Non Bank Finance is a service offered by the Non Bank Financial Institution (NBFI). NBFI’s do not have the license for full banking activities and come under the supervision of national or international regulatory agencies. They facilitate financial services that are related to banking like investment, contractual saving, risk pooling and market brokering. The insurance companies, cashiers check issuers, pawn shops, check cashing locations and currency exchanges and fall under this category. The non bank finance institutions like insurance companies, mortgage providers and pension funds play a critically important role in mobilizing and offering market based safety nets. The markets provide ample opportunities for long term savings and household investment while buffering the low income groups against the risk of sickness, catastrophic events or loss of the breadwinner or such other devastating events.
Non bank finance is mainly aimed at building friendly societies and credit unions. These institutions came under uniform legislation from 1 July 1992. Since July 2000 these institutions have been governed by the provisions of the Banking Act and the Corporations Act and are now supervised by the Australian Securities and Investments Commission (ASIC) and also the Australian Prudential Regulations Authority (ARPA). The members won and control the Credit unions and the building societies. The concept of one person one vote is enshrined in the legislation. Members of these non banking finance institutions are similar to people dealing with banks as they can avail cheque facilities such as agency cheques and payment orders along with deposits and loans. They also have other non bank financing services like insurance.
As a consequence of the global financial market crisis that hit the smaller players hard, the non bank lending share of the mortgage market has crashed and reached a record low.
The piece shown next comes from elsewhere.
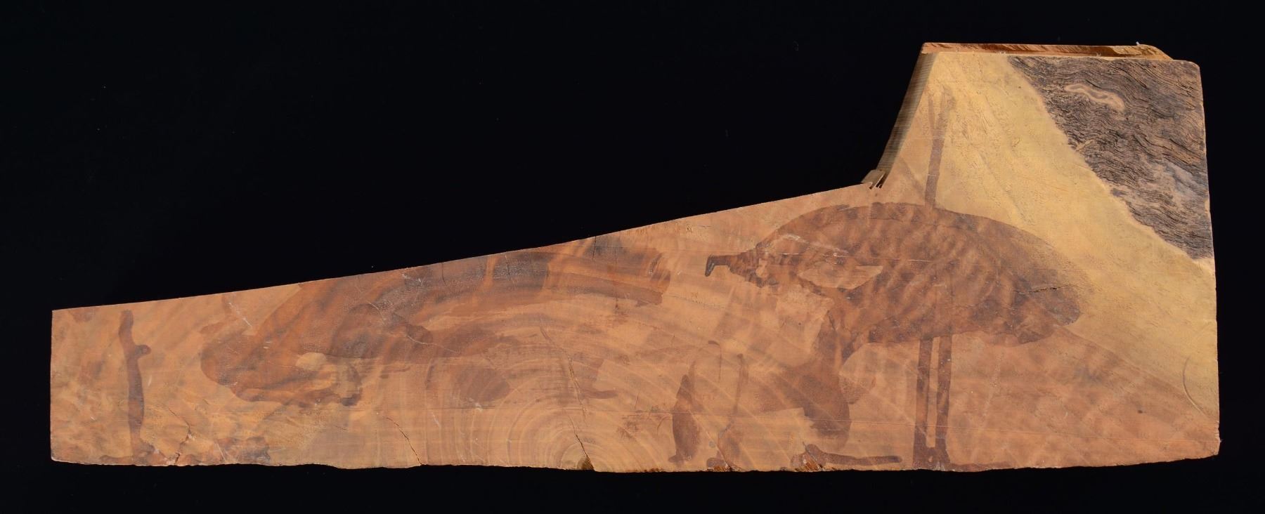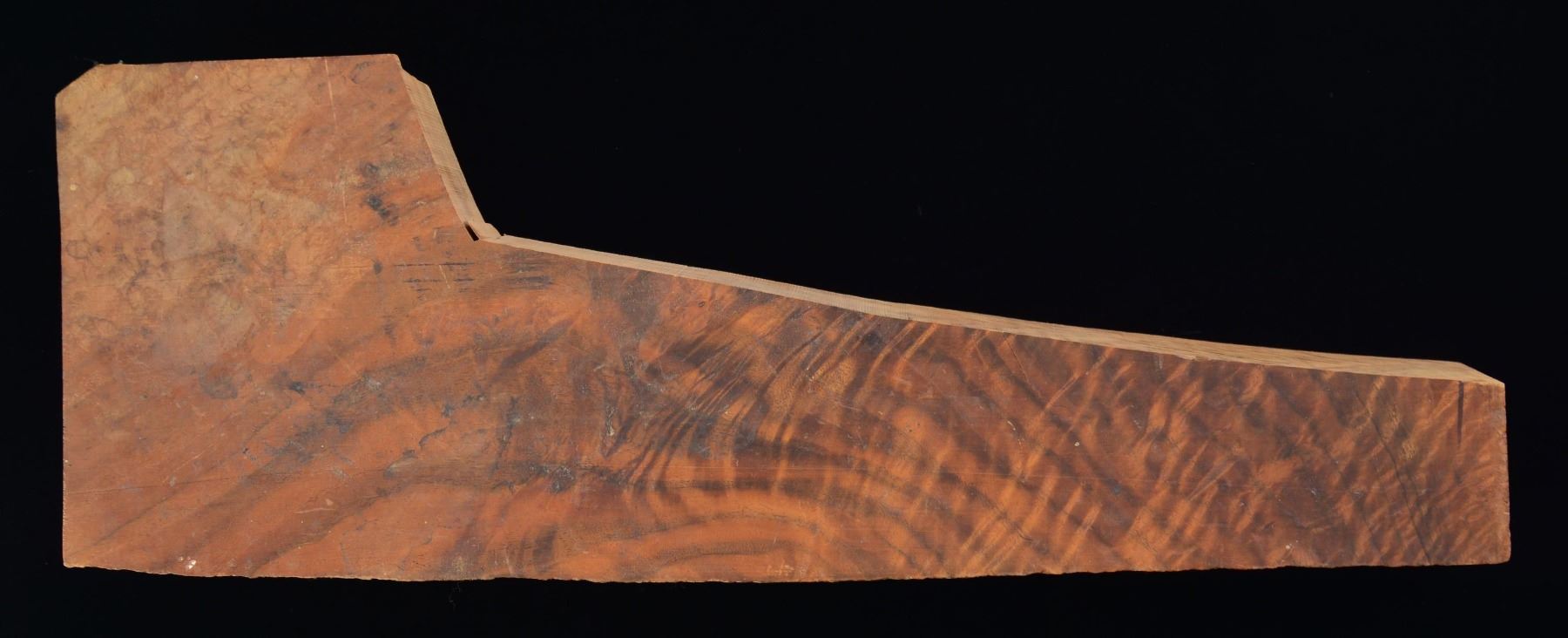 Walnut stock blank cut circa. 1935, with the blank having been planed circa. 1950s, per a prior auction description. Blank is finely figured and measures 21 3/4" in length and 3 3/8" in depth. Blank measures 2 7/8" in width at the narrowest point, and 7 3/4" at the widest point. CONDITION: very good overall. (02-23101/MLW). $75-150.

Since the non bank finance providers may be forced out of the market, the big four banks with no competition may not reduce interest rates to the desired level or to match the interest rate cuts announced by the Reserve Bank of Australia (RBA). If the global credit markets continue to remain frozen, it is feared that the non bank finance institutions will be out of mortgage business and the situation will be highly beneficial to the big banks.
It is clear from the extensive analysis of Australia’s mortgage market has driven the non bank lenders to the point of no access to funding due to the global financial crunch. Adding to that, the Federal Government has extended guarantee on the banks’ wholesale funding along with the advantage of the AAA rating on debt. A survey by Deloitte reveals that almost 1500 people who are home owners have already started to switch to the big four banks. The younger borrowers are expected to prefer the safety of the AAA rated banks of Australia. The Deloitte report suggests that non bank mortgage lenders would be squeezed out of the mortgage business in12 to18 months. They could survive till then using the funds they generated on existing loans. After that if the credit markets do not improve, they would be compelled to redesign their business for survival.
The absence of
non bank finance would be bad news for the Australian consumer as the big banks would take control of the market.